Beta-Binomial Credible Interval
A Bayesian credible interval on a win-rate or success-rate estimate, computed under a Beta-Binomial model where wins and losses are draws from a binomial distribution and the underlying win probability has a Beta prior. The standard interval for honest reporting of model accuracy.
The Beta-Binomial credible interval is the 95% probability range for a true underlying win rate, given an observed count of wins and losses. The Bayesian formulation treats the unknown win probability p as a random variable with a Beta prior (typically Beta(1,1), the uniform prior); after observing w wins out of n trials, the posterior on p is Beta(w+1, n-w+1). The 95% credible interval is the range [2.5th percentile, 97.5th percentile] of this posterior. The interval is preferred over the frequentist confidence interval for small samples because it is well-defined at edge cases (zero wins, all wins) and does not depend on asymptotic approximations. The lower bound of the credible interval is the figure VAR plans and sizes against; the point estimate without the interval is a memorization claim, not a predictive-skill claim.
- Point-estimate accuracy without an interval hides the sample-size story. A 65% win rate on n=20 has a 95% CI lower bound near coin-flip; a 65% win rate on n=300 has a lower bound near 60%. The two claims are not the same and should not be reported the same way.
- The Beta-Binomial framing handles small samples cleanly. Frequentist Wald intervals collapse at zero wins or zero losses; the Bayesian interval remains well-defined.
- Citing the lower bound as the planning figure is a discipline that protects against single-season variance. A point estimate that drops 5 points in a noisy season triggers different decisions than a lower bound that already accounted for the noise.

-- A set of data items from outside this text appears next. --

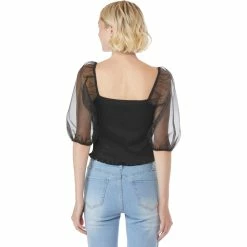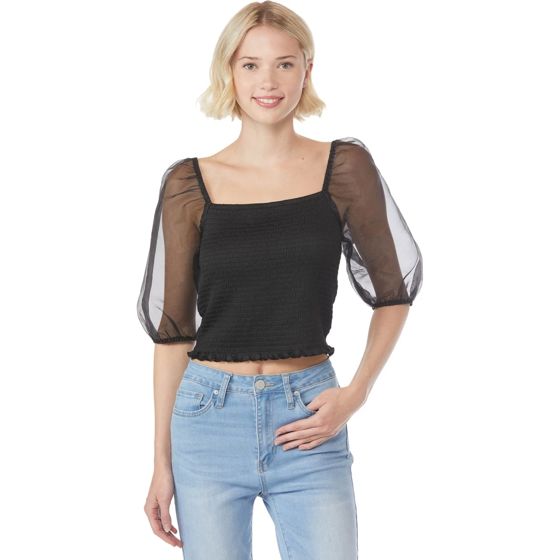 This Inspired Hearts Juniors Square Neck Top is perfect for the season. The puff sheer short sleeve top has a square neck. Allover smocking lends a fun and stylish texture. Style: 2BNHK692BLK.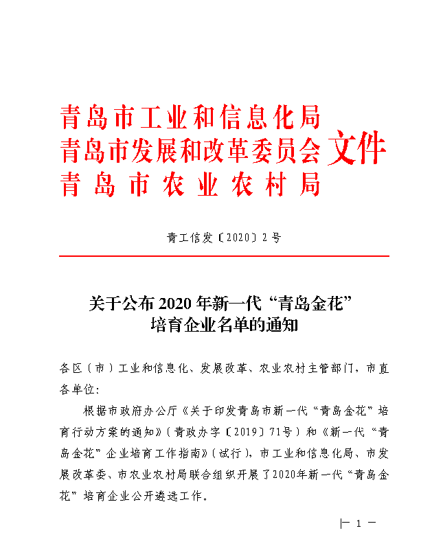 根據市政府辦公廳《關于印發青島市新一代“青島金花”培育行動方案的通知》〔青政辦字〔2019〕71號)和《新一代“青島金花”企業培育工作指南》〔試行,市工業和信息化局、市發展改革委、市農業農村局聯合組織開展了2020年新一代“青島金花”培育企業公開—選工作。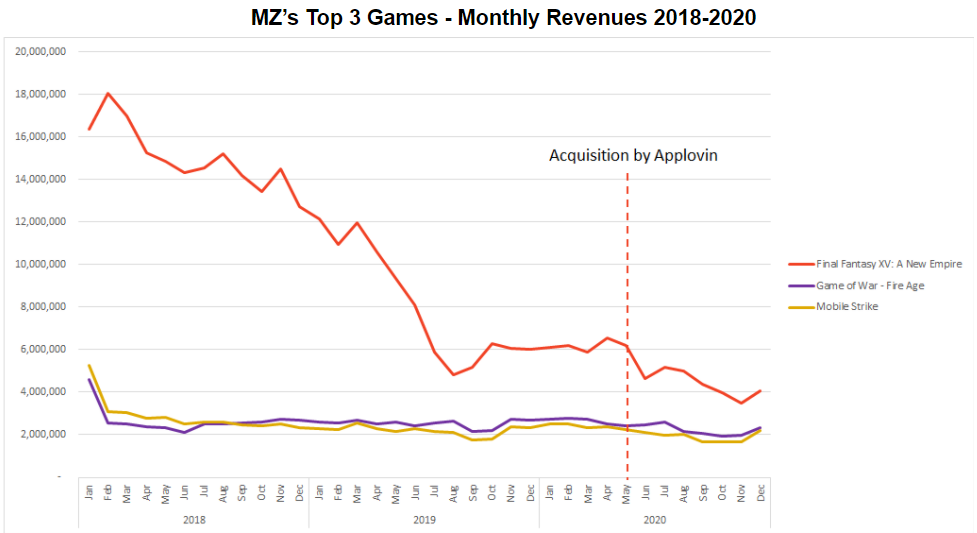 But while Machine Zone’s new games failed to scale, its legacy portfolio continued to bolster strong long tail revenues. Both Game of War and Mobile Strike steadily made around $5M monthly revenues for the past 3 years with seemingly no marketing support. So despite being considered a ‘failing publisher’ MZ managed to generate $138M in net revenues in 2020 with only 2 million new installs. Today MZ’s portfolio makes up a significant portion of Applovin’s IAP revenue every month after the acquisition.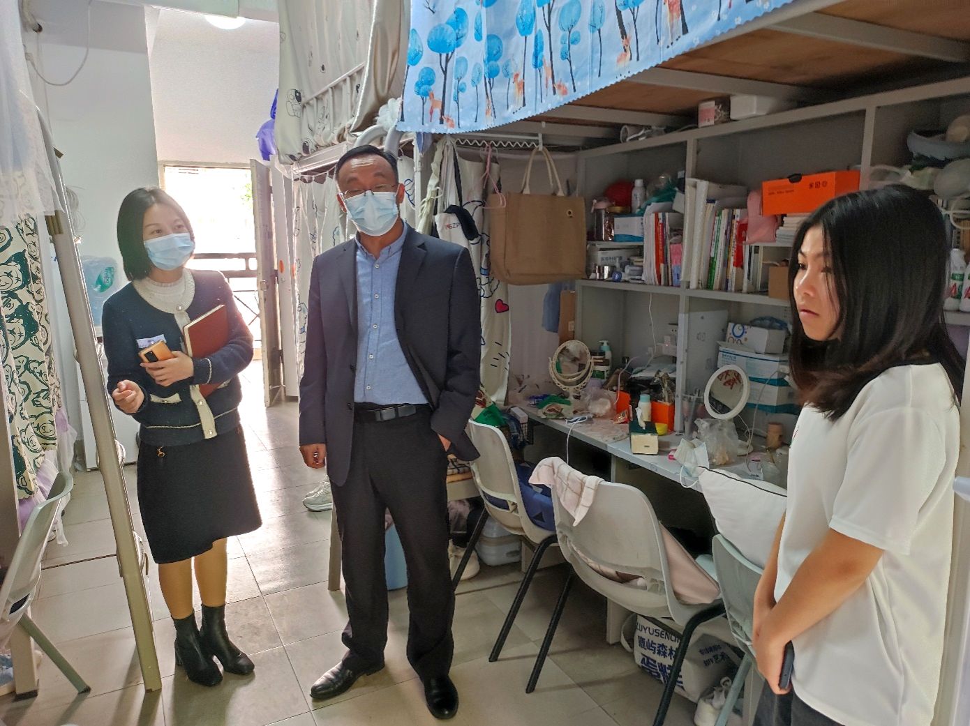 走访过程中,刘冬走进宿舍,与学生亲切交流,关心学生生活上是否存在困难,告知同学们从千里之外的云南来到深圳,要融入深圳,主动作为,投身粤港澳大湾区建设。黄略略询问同学们上学期考试情况,是否存在专业学习困难,要从“假期模式”调整到“学习模式”。段杰鑫着重查看宿舍环境卫生、消防安全等情况,提醒同学们注意用电安全,切勿使用违章电器。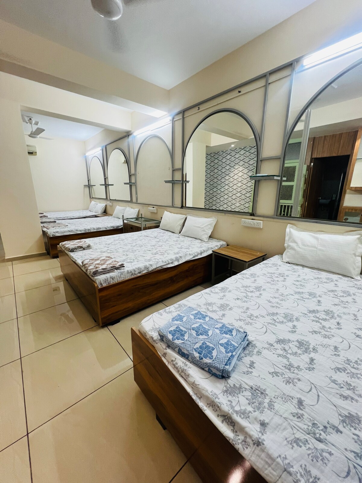 This spacious homestay is located in a central location in Rajkot, making it the perfect base for exploring the city. The home is well-suited for large families, with three bedrooms and two large bathrooms. There is also parking on the premises. The property has caretakers on site 24/7 who help clean and maintain security. There is also a friendly family dog named Harley who loves to meet new people. The home is fully furnished and equipped including a kitchen, living room, and dining area.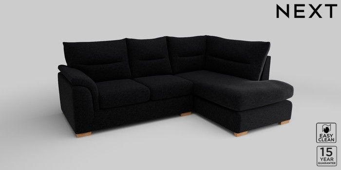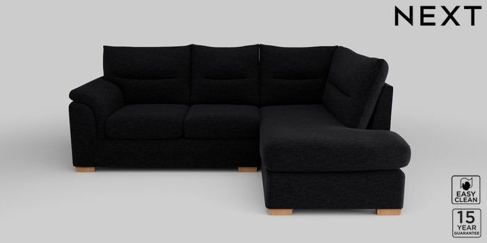 7.2.10 Hayden Highback Medium Corner Chaise - Right Hand Fine Chenille Easy Clean Black Slim Block - Light | Made Click here to use our website with more accessibility support, for example screen readers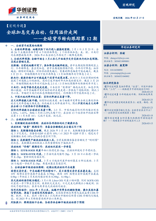 全球市场 货币政策 流动性跟踪 信用风险 地缘冲突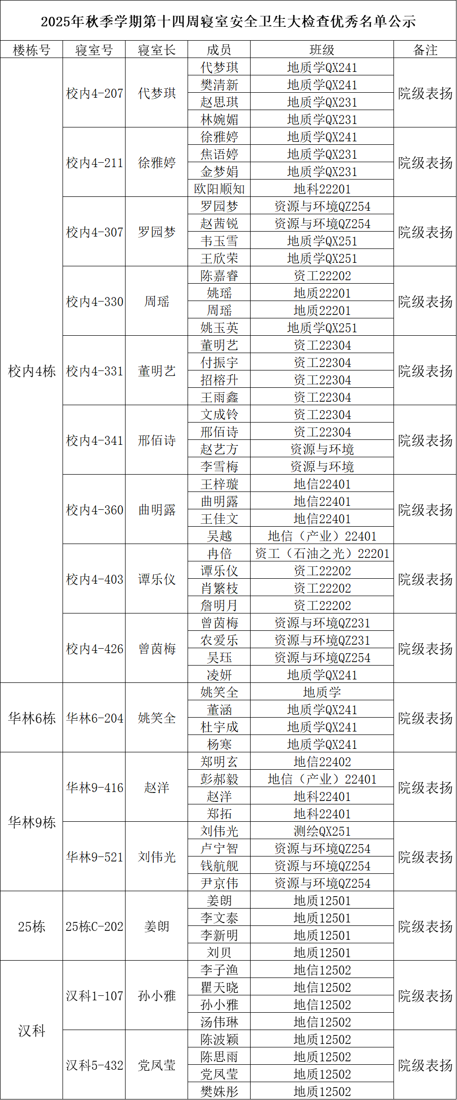 一、通报优秀寝室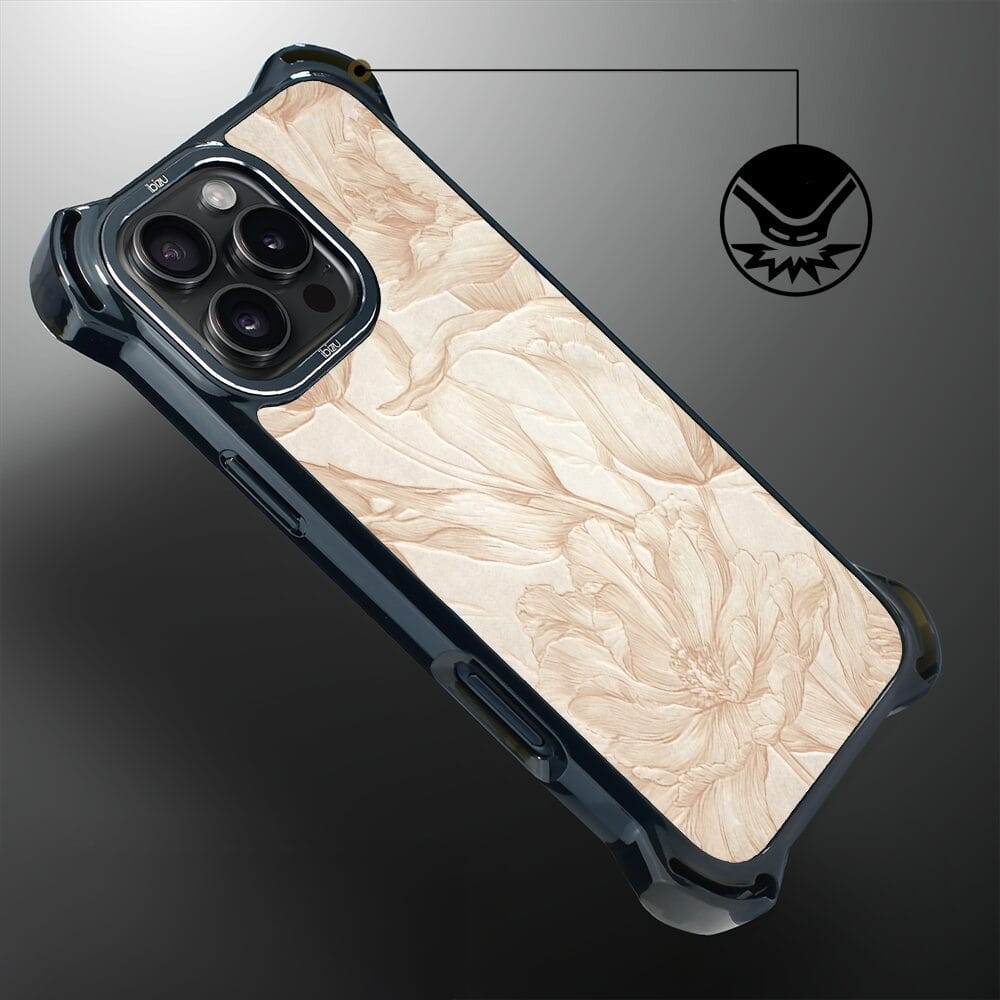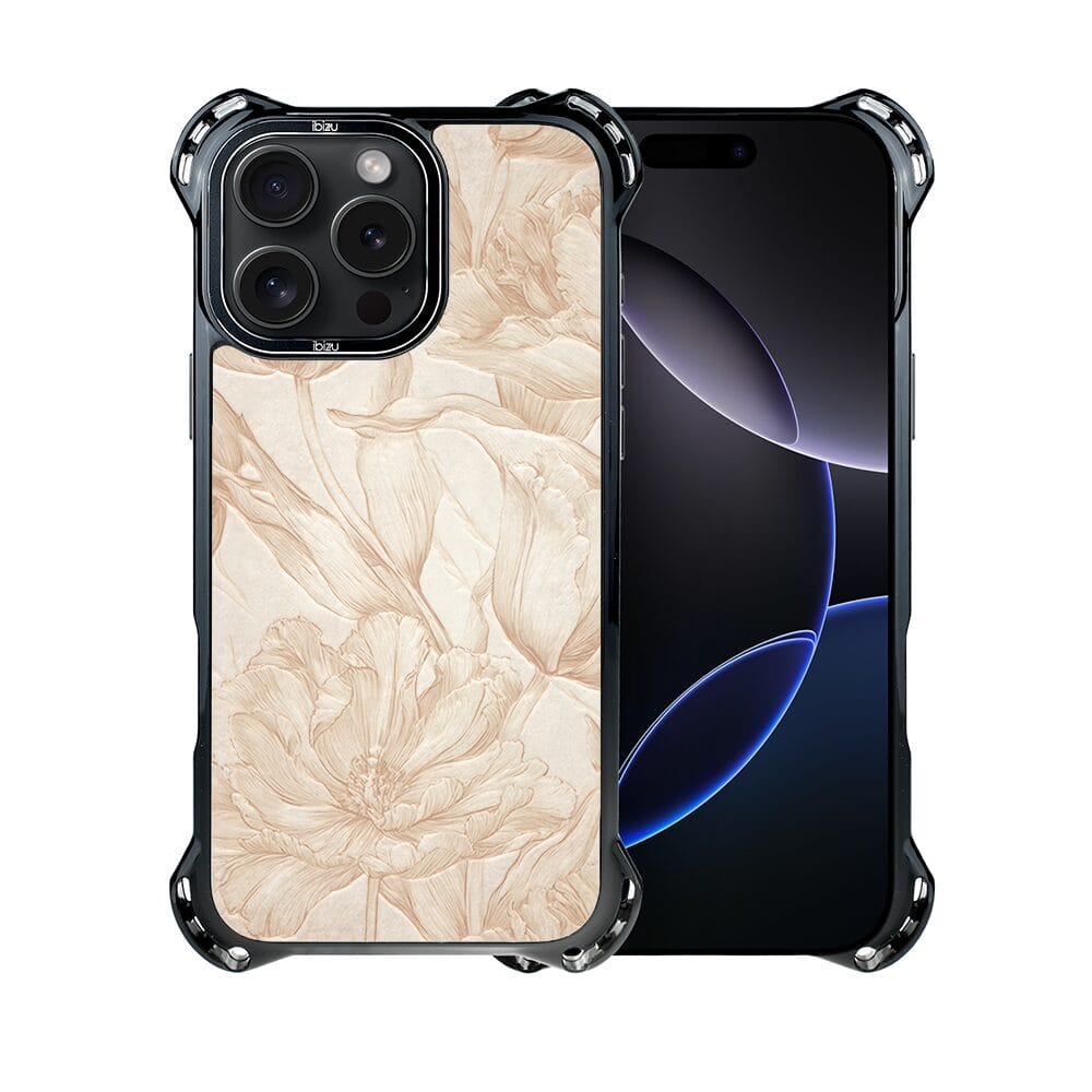 Etui do iPhone 16 Pro Max IBIZU DropGuard Ultra z MagSafe, Relief Garden, Botaniczny biskwit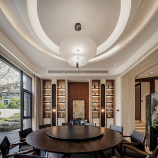 全屋動線設計以東方園林「移步換景」為基本理念,圍繞居住者的行為軌跡與空間意境展開。設計師將樓梯間設置於一樓中央,作為垂直交通與空間轉換的核心節點,延伸西餐中島吧台與西廚烹飪區,串聯平面分區,使動線自然輻射至各個公共場域。由此向外展開簡潔的西式餐廳、開放客廳、繁複華麗的中式餐廳與茶廳,以及客房與配套衛浴等等機能,形成層次豐富而節奏分明的生活場景。
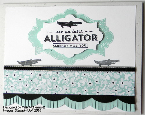 This little guy you won’t see for a while because it is from the new BIG catalog to be released in July 2014. One of our gifts from SU at Leadership was this stamp set called “So very Happy”. However, all of the embellishments are from the Occasions catalog. The wooden triangles can be found on page18, the Retro Fresh Designer paper is on page 19, and the triangle punch can be found on page 26. Sentiment is from the Geometrical stamp set, also on page 26.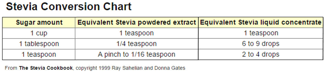 Below is a chart for other Stevia conversions, both for powder and liquid.
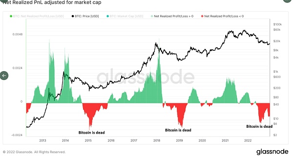 根據Glassnode的數據:加密期貨交易量低迷,與BTC 和 ETH 市場目前的交易量相似,每天在 95 億美元 到 105 億美元之間, 這顯示了流動性收緊、廣泛去杠桿化以及該領域許多貸款和交易部門受損的巨大影響。2020-21 年比特幣投資者將資金轉移到鏈上,獲得了超過 4550 億美元的年利潤,從那以后,市場已經回吐了超過 2130 億美元的已實現損失。

- VAR's validation protocol requires every published win-rate to carry a Beta-Binomial 95% credible interval lower bound. This is the audit-defensible reporting standard.
Posterior: p | (w, n) ~ Beta(w + 1, n - w + 1). 95% credible interval: [Beta⁻¹(0.025; w+1, n-w+1), Beta⁻¹(0.975; w+1, n-w+1)] with a uniform Beta(1,1) prior.Choose a prior over the unknown win probability (uniform Beta(1,1) is the standard default; informative priors can be used when prior data is available). Given w observed wins out of n trials, the posterior distribution on the win probability is Beta(w+1, n-w+1) for the uniform prior. Compute the inverse CDF of this Beta distribution at 0.025 and 0.975; these are the credible-interval bounds. Cite the lower bound as the planning figure.
Observed: 142 wins out of 226 trials (62.83% win rate). Posterior is Beta(143, 85). 95% credible interval is approximately [56.36%, 68.87%]. The point estimate is 62.83%; the figure to plan and size against is 56.36%, the lower bound.
- Reporting only the point estimate. Without the interval, the reader cannot tell whether the claim is a 200-sample 62% (real edge) or a 20-sample 62% (coin flip with a lucky streak).
- Inflating n via Monte Carlo realizations. The interval gets artificially tight by a factor of roughly square-root-of-the-inflation. Independent-sample discipline is required for the interval to mean anything.
- Citing the upper bound or the point estimate as the planning figure. The lower bound is the audit-defensible number because it accounts for the sampling variance that can move the point estimate in a single season.
- Using a strongly informative prior without disclosure. Priors that pull the posterior toward a desired result are a form of in-sample fitting; the uniform Beta(1,1) is the safe default for published claims.
Why Beta-Binomial instead of frequentist Wald or Wilson?
Beta-Binomial is well-defined at small samples and edge cases (zero wins, all wins) where Wald collapses. Wilson intervals are reasonable but assume a frequentist framing that is awkward when the goal is reporting a credible range on the underlying win probability. Beta-Binomial gives that directly.
How is the lower bound the audit-defensible figure?
The lower bound is the win rate that, given the observed sample, has a 97.5% posterior probability of being below the true rate. Sizing and planning against the lower bound builds in a margin against single-season variance and against the lucky-streak failure mode that point estimates conceal.
Does the interval narrow as the sample grows?
Yes. The interval width scales roughly as 1/sqrt(n) for large samples. A 200-sample interval is meaningfully tighter than a 20-sample interval at the same point estimate. This is why aggregating across multiple walk-forward seasons produces credible intervals tight enough to underwrite, while single-season intervals usually do not.